RECORDS SUPPLIED:

********

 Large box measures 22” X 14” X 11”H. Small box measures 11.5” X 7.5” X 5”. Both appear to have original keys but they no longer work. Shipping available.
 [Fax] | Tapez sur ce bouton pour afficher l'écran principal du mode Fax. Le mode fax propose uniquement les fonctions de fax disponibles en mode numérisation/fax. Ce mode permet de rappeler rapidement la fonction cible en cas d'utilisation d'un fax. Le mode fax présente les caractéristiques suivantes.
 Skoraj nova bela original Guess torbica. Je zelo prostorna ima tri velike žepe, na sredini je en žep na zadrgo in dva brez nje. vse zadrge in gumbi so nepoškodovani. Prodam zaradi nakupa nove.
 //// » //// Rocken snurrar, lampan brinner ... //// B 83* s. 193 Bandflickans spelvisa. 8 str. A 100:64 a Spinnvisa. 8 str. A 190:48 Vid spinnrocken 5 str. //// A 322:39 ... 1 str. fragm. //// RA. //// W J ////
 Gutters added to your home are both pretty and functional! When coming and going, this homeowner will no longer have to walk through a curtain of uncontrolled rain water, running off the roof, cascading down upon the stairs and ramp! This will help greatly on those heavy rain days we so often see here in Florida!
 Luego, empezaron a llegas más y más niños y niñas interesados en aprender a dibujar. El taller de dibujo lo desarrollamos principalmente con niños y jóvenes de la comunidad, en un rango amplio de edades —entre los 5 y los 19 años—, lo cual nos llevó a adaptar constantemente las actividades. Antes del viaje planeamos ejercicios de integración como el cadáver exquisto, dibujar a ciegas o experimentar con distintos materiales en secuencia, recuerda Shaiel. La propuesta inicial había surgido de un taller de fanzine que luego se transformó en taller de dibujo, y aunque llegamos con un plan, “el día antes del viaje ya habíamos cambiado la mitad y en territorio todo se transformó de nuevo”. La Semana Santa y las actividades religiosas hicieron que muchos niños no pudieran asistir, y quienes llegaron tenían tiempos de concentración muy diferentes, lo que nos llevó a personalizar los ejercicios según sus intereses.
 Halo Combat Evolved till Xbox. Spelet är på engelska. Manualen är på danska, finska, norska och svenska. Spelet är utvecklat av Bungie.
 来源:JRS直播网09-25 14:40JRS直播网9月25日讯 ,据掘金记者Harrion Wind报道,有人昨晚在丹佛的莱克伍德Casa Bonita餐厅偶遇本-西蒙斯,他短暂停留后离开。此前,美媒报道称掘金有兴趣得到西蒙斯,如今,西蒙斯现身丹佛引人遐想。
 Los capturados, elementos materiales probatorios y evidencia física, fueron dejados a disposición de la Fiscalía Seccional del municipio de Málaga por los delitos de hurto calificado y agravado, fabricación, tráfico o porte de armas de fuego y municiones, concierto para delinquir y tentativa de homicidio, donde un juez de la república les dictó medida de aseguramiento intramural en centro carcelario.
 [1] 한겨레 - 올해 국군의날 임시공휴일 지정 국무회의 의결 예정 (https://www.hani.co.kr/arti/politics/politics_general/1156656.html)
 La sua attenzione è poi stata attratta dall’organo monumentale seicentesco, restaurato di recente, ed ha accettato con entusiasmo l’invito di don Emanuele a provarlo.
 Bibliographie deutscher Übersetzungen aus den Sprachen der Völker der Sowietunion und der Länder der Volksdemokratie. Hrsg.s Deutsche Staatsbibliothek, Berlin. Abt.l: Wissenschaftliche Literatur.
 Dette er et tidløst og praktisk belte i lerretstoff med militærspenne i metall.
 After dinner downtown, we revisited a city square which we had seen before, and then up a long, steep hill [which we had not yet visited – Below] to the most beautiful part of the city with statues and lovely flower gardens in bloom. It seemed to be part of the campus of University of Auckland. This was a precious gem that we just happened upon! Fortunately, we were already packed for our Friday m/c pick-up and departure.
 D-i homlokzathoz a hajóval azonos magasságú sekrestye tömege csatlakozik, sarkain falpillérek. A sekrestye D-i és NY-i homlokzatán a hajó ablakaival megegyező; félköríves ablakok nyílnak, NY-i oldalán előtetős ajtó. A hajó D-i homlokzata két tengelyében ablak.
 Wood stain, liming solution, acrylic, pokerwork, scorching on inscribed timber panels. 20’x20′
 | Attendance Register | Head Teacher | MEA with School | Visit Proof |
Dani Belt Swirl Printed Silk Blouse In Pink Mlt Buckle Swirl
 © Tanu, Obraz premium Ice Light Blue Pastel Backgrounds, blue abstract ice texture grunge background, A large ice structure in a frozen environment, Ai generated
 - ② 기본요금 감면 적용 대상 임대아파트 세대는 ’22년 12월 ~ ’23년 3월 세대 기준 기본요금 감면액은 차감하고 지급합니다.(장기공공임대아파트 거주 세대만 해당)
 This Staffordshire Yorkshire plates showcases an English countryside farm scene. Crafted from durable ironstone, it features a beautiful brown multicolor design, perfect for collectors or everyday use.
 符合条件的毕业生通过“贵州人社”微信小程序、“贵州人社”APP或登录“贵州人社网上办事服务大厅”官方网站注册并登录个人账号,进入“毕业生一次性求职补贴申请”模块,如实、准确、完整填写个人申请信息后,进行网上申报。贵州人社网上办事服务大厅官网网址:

********

WHAT THIS TASK INVOLVES: Which lines of the records contain the word "original"? Copy each of them.

SOLUTION:
 Large box measures 22” X 14” X 11”H. Small box measures 11.5” X 7.5” X 5”. Both appear to have original keys but they no longer work. Shipping available.
 Skoraj nova bela original Guess torbica. Je zelo prostorna ima tri velike žepe, na sredini je en žep na zadrgo in dva brez nje. vse zadrge in gumbi so nepoškodovani. Prodam zaradi nakupa nove.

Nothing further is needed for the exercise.